At a ribbon cutting Thursday for IonQ’s new research, development and manufacturing facility in Bothell, U.S. Sen. Maria Cantwell and others said demand for the super-speedy computers is growing every day, creating the potential to generate thousands of new jobs.
“Our region is already known worldwide for innovation and leadership. So it should come as no surprise that we are becoming Quantum Valley, if you will, for the United States,” Cantwell told a gathering of policymakers, university officials and more than 50 IonQ employees.
IonQ’s regional neighbors include the University of Washington’s Quantum X, one of the largest quantum computing centers and the recipient of $170 million in research grants, as well as the Pacific Northwest National Laboratory and its Quantum Information Sciences division, said Cantwell, who chairs the Senate Committee on Commerce, Science, and Transportation.
With the christening of the 105,000-square-foot facility at 3755 Monte Villa Parkway in Bothell, the Maryland-based IonQ becomes the first company to open a quantum computing manufacturing facility in the nation, the company’s president and CEO Peter Chapman said.
The publicly-traded company is developing quantum computing systems for commercial use.
Experts say quantum computing could become an $850 billion industry in the next 15 years.
A year ago, IonQ employed a handful of people, Chapman told the group. Now the head count is 80 with plans to hire several hundred more people in the next few years, he said.
IonQ invested about $20 million to renovate the former AT&T data center.
“It had great bones,” Chapman said. “But it needed a lot of work.”
Now the company is eyeing the building next door for expansion, Chapman said.
Economic Alliance Snohomish County helped IonQ secure a $200,000 Evergreen Manufacturing Growth Grant from the state Department of Commerce for building improvements, said Wendy Poischbeg, the Economic Alliance’s vice president of economic development.
Chapman said the company will invest $80 million in the region this year, and a projected $1 billion over the next 10 years.

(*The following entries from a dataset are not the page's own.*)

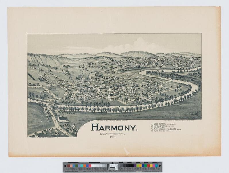 - Image of an aerial landscape view of the borough of Harmony in Butler County, Pennsylvania, and the Connoquenessing Creek and the surrounding hills, showing labeled streets with references printed in the margin.
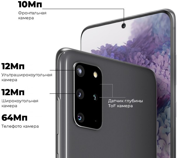 | Основная камера | ToF-модуль, 12 Мп, 12 Мп, 64 Мп |
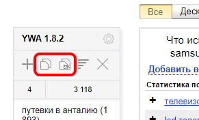 По этой схеме прогоняем через Wordstat все заранее подготовленные «базовые» ключи, собираем всё необходимое, а затем путем нажатия на одну из этих двух кнопок копируем собранный ранее список в буфер обмена. Обратите внимание, что кнопка с двумя листиками копирует список без частот, а с двумя листиками и числом 42 – с частотами.

While the technology around quantum computing is still being developed, researchers say they’re getting closer to commercializing the super fast computers that can perform calculations “158 million times faster,” than existing supercomputers. As a result, they can “accomplish in four minutes what it would take a traditional supercomputer 10,000 years to complete,” according to Techopedia.com
The time or memory needed to arrive at solutions can overwhelm today’s computers,“which must guess-and-check every possible combination (which could take billions of years) or else resort to imperfect and expensive approximations,” IonQ said.
Quantum computers, on the other hand, don’t have to try every combination.

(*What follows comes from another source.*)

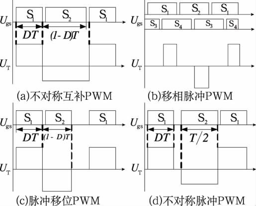 控制型软开关半桥DC/DC变换器不增加主电路元器件(可增加电感电容元件以实现软开关条件),通过合理设计控制电路来实现软开关。图1给出4种控制型软开关半桥DC/DC变换器的PWM 控制策略。

Instead, they use a system based on quantum mechanics — the complex math that describes how atoms and other tiny particles behave and interact. The result is a faster and more powerful computing system that has the potential to tackle problems related to drug development, food production and cleaner energy sources.
But bugs still need to be worked out.
“One of the downsides of quantum computers is that they are extremely error-prone. Consequently, companies are investing a lot of talent and money into trying to come up with ways to build computers that can identify their own mistakes and correct them,” according to Techopedia.com
Physicist Christopher Monroe and computer scientist Jungsang Kim cofounded IonQ in 2015 to commercialize quantum computers.

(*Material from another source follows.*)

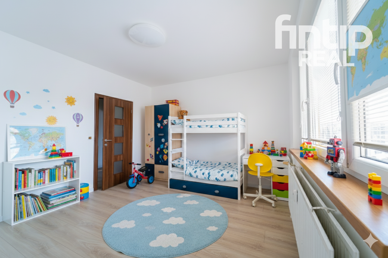 detská izba,nová kúpeľňa so sprchovým kútom a toaletou, priestranná vstupná chodba so vstavanou skriňou k byty prislúcha pivnica s spoločných častiach bytoeho domu.

Dave Mehuys, the company’s president of product engineering, oversaw the build out of the new Bothell facility.
Leading a group of visitors through the new wing, Mehuys picked up a small container, known as the ion trap. The size of a matchbox, it forms the heart of the quantum computer, which is housed in a casing the size of a garden shed.
Just as early computers got smaller — they were originally the size of boxcars — quantum computers are expected to shrink as technology advances, Mehuys said.